What Duality is about in LP and derivation

To understand what duality is about, recall our introductory LP with the two types of chocolate:

\max x_1 + 6x_2 \\ \begin{split} x_1 &\le 200 \\ x_2 &\le 300 \\ x_1 + x_2 &\le 400 \\ x_1, x_2 &\ge 0 \end{split}

The simplex algorithm declares the optimum solution as $(x_1, x_2) = (100,300)$ , with objective value $1900$

Suppose we multiply the tree equalities by $0,5,1$ , we have

x_1 + 6x_2 \le 1900

The multiplirs $(0,5,1)$ magically constitute a certificate of optimality!

❓

But how do we systematically find it?

With the incentive above, we formulate our multipliers and call them $y_i$

Multiplier	Inequality
$y_1$	$x_1 \le 200$
$y_2$	$x_2 \le 300$
$y_3$	$x_1 + x_2 \le 400$

To start with, those $y_i$ must be nonnegative or otherwise they would flip the inequality directions.
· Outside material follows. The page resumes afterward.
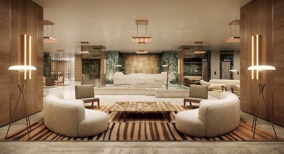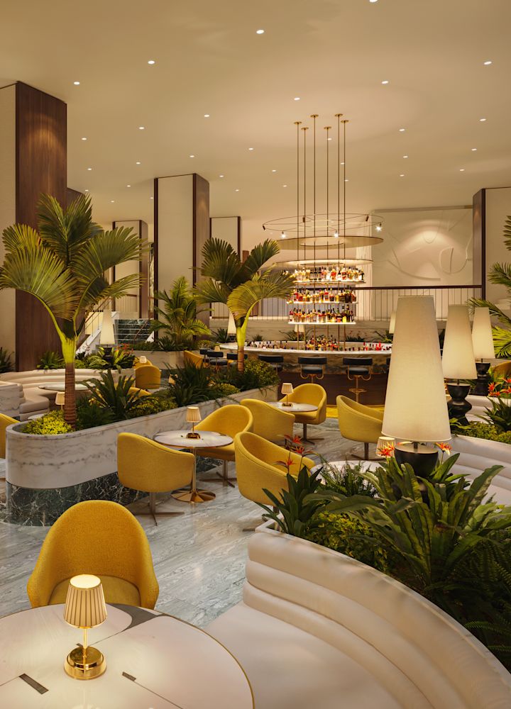 Το lobby διαμορφώθηκε μέσα από μια διαδικασία συν σχεδιασμού μεταξύ των AvroKO και MARE Studio, με τη MARE Studio να καθορίζει την κεντρική ιδέα και κατεύθυνση του interior design.

(y_1 + y_3)x_1 + (y_2+y_3)x_2 \le 200y_1+300y_2+400y_3

We want the left hand side to look like our objective function $x_1 + 6x_2$ so the right-hand side is an upper-bound on the optimum solution ⇒ so

x_1 + 6x_2 \le 200y_1 + 300 y_2 + 400y_3 \text{ if } \begin{cases} \forall i, y_i \ge 0 \\ y_1 + y_3 \ge 1 \\ y_2 + y_3 \ge 6 \end{cases}

Although we can let $y_i$ to be arbitrarily large, we want this bound to be a tight bound so should minimize $200y_1 + 300y_2 + 400y_3$

Therefore now we have a new LP:

\min 200y_1 + 300y_2 + 400y_3 \\ \begin{split} y_1 + y_3 &\ge 1 \\ y_2 + y_3 &\ge 6 \\ y_1, y_2, y_3 &\ge 0 \end{split}

any feasible value of this dual LP is an upper bound on the original primal LP. So if we somehow find a pair of primal and dual feasible values that are equal, then they must be optimal.